### DATA FOR THE TASK
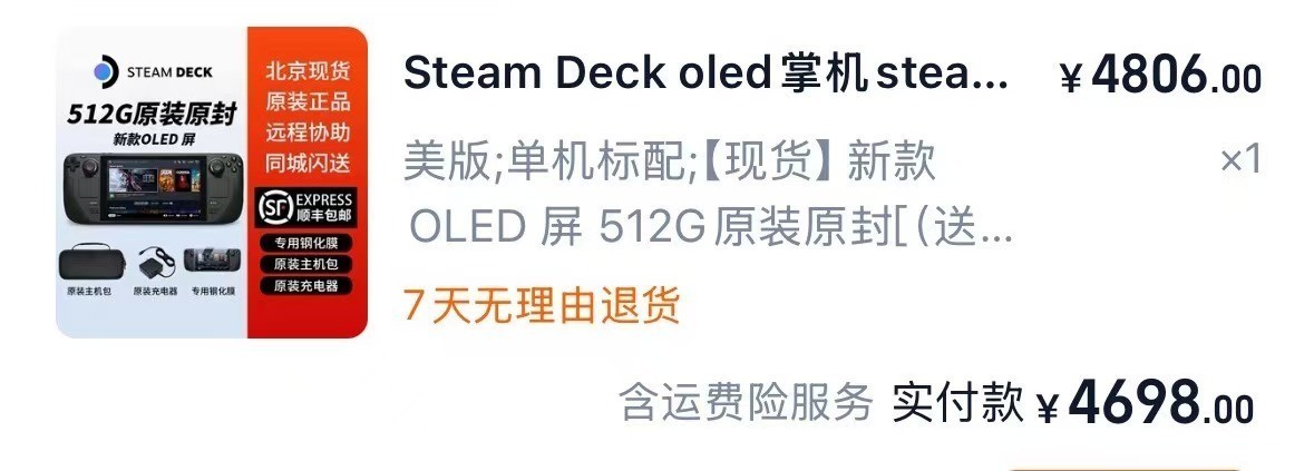 最后,聊聊两台设备的用机成本。首先看机身价格,Steam Deck OLED目前还在溢价,电商平台平均要4500元左右,Switch OLED则是1800元左右。价格差距巨大,一台Steam Deck OLED可以换2台Switch OLED还有余,而且4500元PC玩家是可以换一块好显卡的,这要看你怎么去选择了。
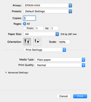Если меню Настройки печати не отображается в операционных системах macOS High Sierra, macOS Sierra, OS X El Capitan, OS X Yosemite, OS X Mavericks, OS X Mountain Lion, это значит, что драйвер принтера Epson установлен неправильно. Включите его в следующем меню. В macOS Mojave нельзя получить доступ к разделу Настройки печати в приложениях, созданных Apple, например в TextEdit.
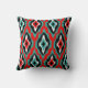 Modern teal red black Ikat Tribal Pattern 1a Cushion
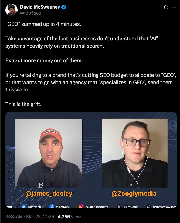 David McSweeney már azelőtt foglalkozik SEO-val, hogy a GEO startupok néhány alapítója nem végzett. Éveket töltött azzal, hogy ugyanazt a taktikát írja le, amelyet most a GEO címke alatt csomagolnak át (tartalom frissesség, digitális PR, közösségi részvétel, linképítés), és ezt bizonyítja a megjelenési dátumok is. Összefoglalója a GEO prezentációjáról: használja ki azt a tényt, hogy a vállalkozások nem értik az AI-rendszereket, a hagyományos keresésre támaszkodnak, és több pénzt vonjanak ki belőlük.
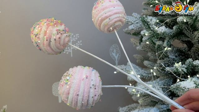 333066 Украшение декоративное Ветка-леденец с разноцветной посыпкой розовая 50см
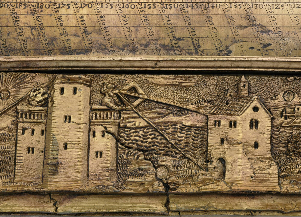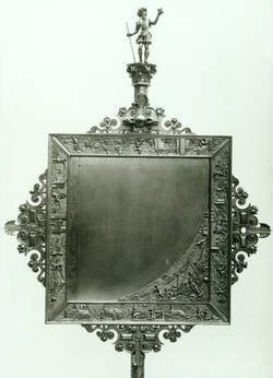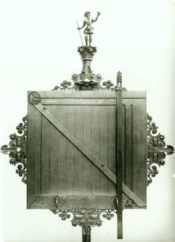 Bei dem Bombenangriff auf Dresden 1945 wurde das Instrument stark beschädigt. Was Sie hier sehen, ist nur noch das eigentliche Messquadrat; früher stand es auf einer Säule und war an allen vier Kanten mit Schmuck versehen, bekrönt von der kleinen Figur eines Arabers mit Messstab und Quadrant - eine Hommage an das Volk, das sich besonders um die Messtechnik verdient gemacht hatte.
######
WHAT YOU SHOULD DO: Every entry should be repeated verbatim, with the pictures left out.

WRITTEN ANSWER:
 最后,聊聊两台设备的用机成本。首先看机身价格,Steam Deck OLED目前还在溢价,电商平台平均要4500元左右,Switch OLED则是1800元左右。价格差距巨大,一台Steam Deck OLED可以换2台Switch OLED还有余,而且4500元PC玩家是可以换一块好显卡的,这要看你怎么去选择了。
Если меню Настройки печати не отображается в операционных системах macOS High Sierra, macOS Sierra, OS X El Capitan, OS X Yosemite, OS X Mavericks, OS X Mountain Lion, это значит, что драйвер принтера Epson установлен неправильно. Включите его в следующем меню. В macOS Mojave нельзя получить доступ к разделу Настройки печати в приложениях, созданных Apple, например в TextEdit.
 Modern teal red black Ikat Tribal Pattern 1a Cushion
 David McSweeney már azelőtt foglalkozik SEO-val, hogy a GEO startupok néhány alapítója nem végzett. Éveket töltött azzal, hogy ugyanazt a taktikát írja le, amelyet most a GEO címke alatt csomagolnak át (tartalom frissesség, digitális PR, közösségi részvétel, linképítés), és ezt bizonyítja a megjelenési dátumok is. Összefoglalója a GEO prezentációjáról: használja ki azt a tényt, hogy a vállalkozások nem értik az AI-rendszereket, a hagyományos keresésre támaszkodnak, és több pénzt vonjanak ki belőlük.
 333066 Украшение декоративное Ветка-леденец с разноцветной посыпкой розовая 50см
 Bei dem Bombenangriff auf Dresden 1945 wurde das Instrument stark beschädigt. Was Sie hier sehen, ist nur noch das eigentliche Messquadrat; früher stand es auf einer Säule und war an allen vier Kanten mit Schmuck versehen, bekrönt von der kleinen Figur eines Arabers mit Messstab und Quadrant - eine Hommage an das Volk, das sich besonders um die Messtechnik verdient gemacht hatte.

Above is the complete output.